=== STORED DATA ===
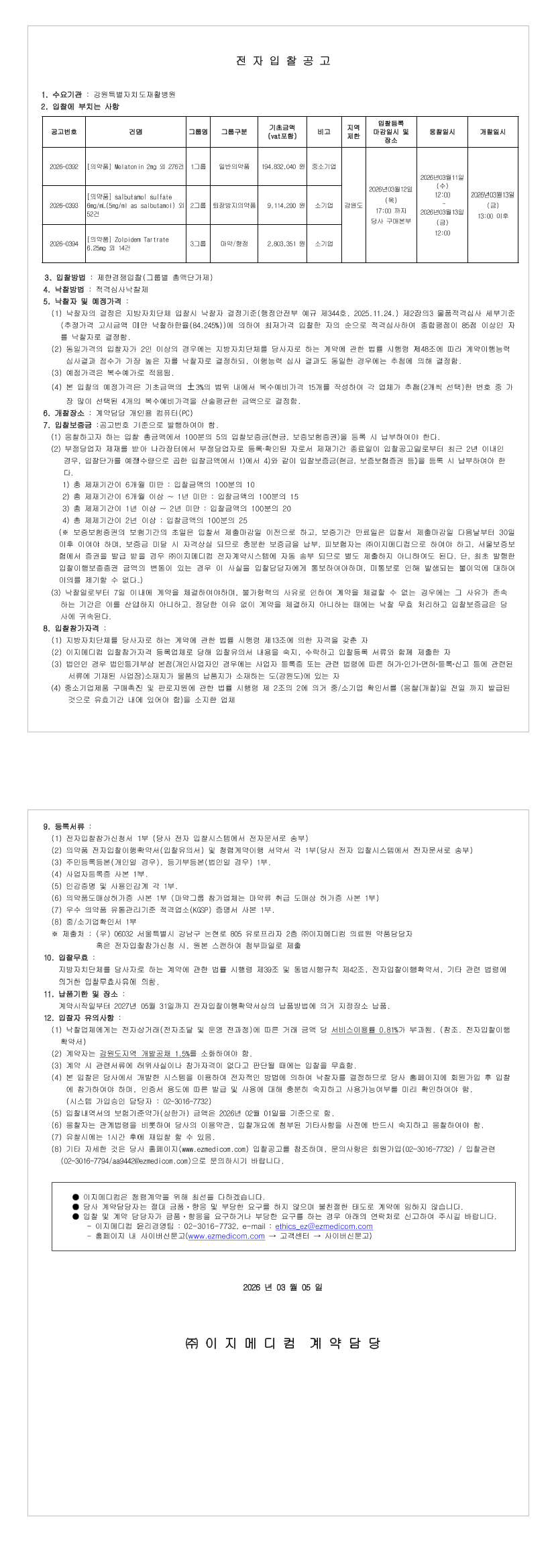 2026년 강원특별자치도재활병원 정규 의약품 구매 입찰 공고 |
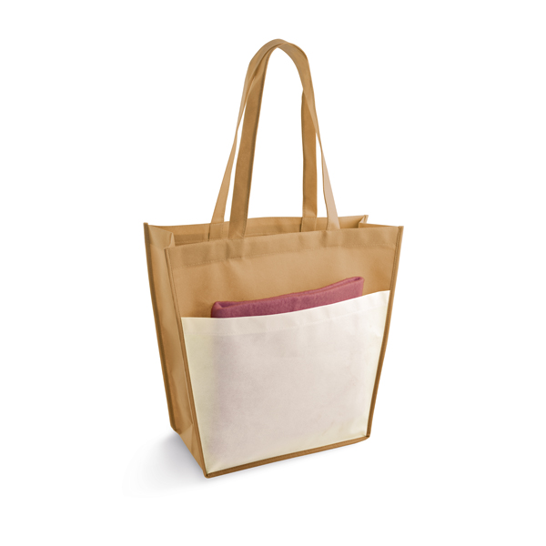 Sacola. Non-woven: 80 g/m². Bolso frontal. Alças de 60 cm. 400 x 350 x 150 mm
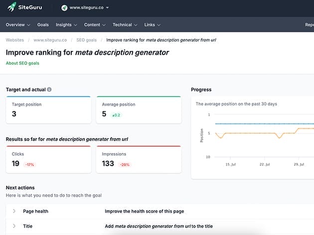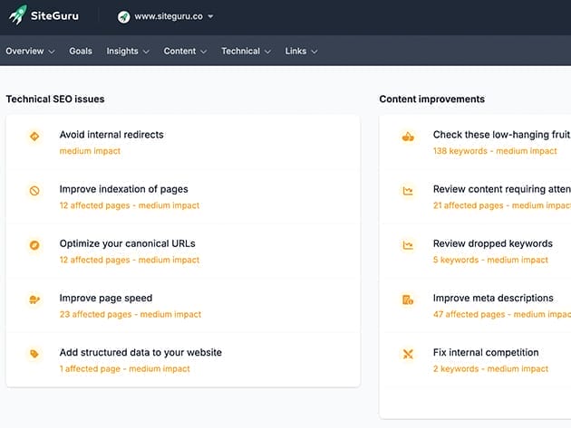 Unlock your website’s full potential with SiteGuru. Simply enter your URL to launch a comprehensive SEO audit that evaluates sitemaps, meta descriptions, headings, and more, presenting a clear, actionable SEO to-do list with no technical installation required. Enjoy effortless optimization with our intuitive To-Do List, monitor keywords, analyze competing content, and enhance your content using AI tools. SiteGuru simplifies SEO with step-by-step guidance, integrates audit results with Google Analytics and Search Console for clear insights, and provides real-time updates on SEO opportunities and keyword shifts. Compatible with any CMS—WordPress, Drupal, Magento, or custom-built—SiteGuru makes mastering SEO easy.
===
● WORK TASK
The data must be reproduced exactly, and no picture may appear in the copy.

● WRITTEN ANSWER
 2026년 강원특별자치도재활병원 정규 의약품 구매 입찰 공고 |
 Sacola. Non-woven: 80 g/m². Bolso frontal. Alças de 60 cm. 400 x 350 x 150 mm
 Unlock your website’s full potential with SiteGuru. Simply enter your URL to launch a comprehensive SEO audit that evaluates sitemaps, meta descriptions, headings, and more, presenting a clear, actionable SEO to-do list with no technical installation required. Enjoy effortless optimization with our intuitive To-Do List, monitor keywords, analyze competing content, and enhance your content using AI tools. SiteGuru simplifies SEO with step-by-step guidance, integrates audit results with Google Analytics and Search Console for clear insights, and provides real-time updates on SEO opportunities and keyword shifts. Compatible with any CMS—WordPress, Drupal, Magento, or custom-built—SiteGuru makes mastering SEO easy.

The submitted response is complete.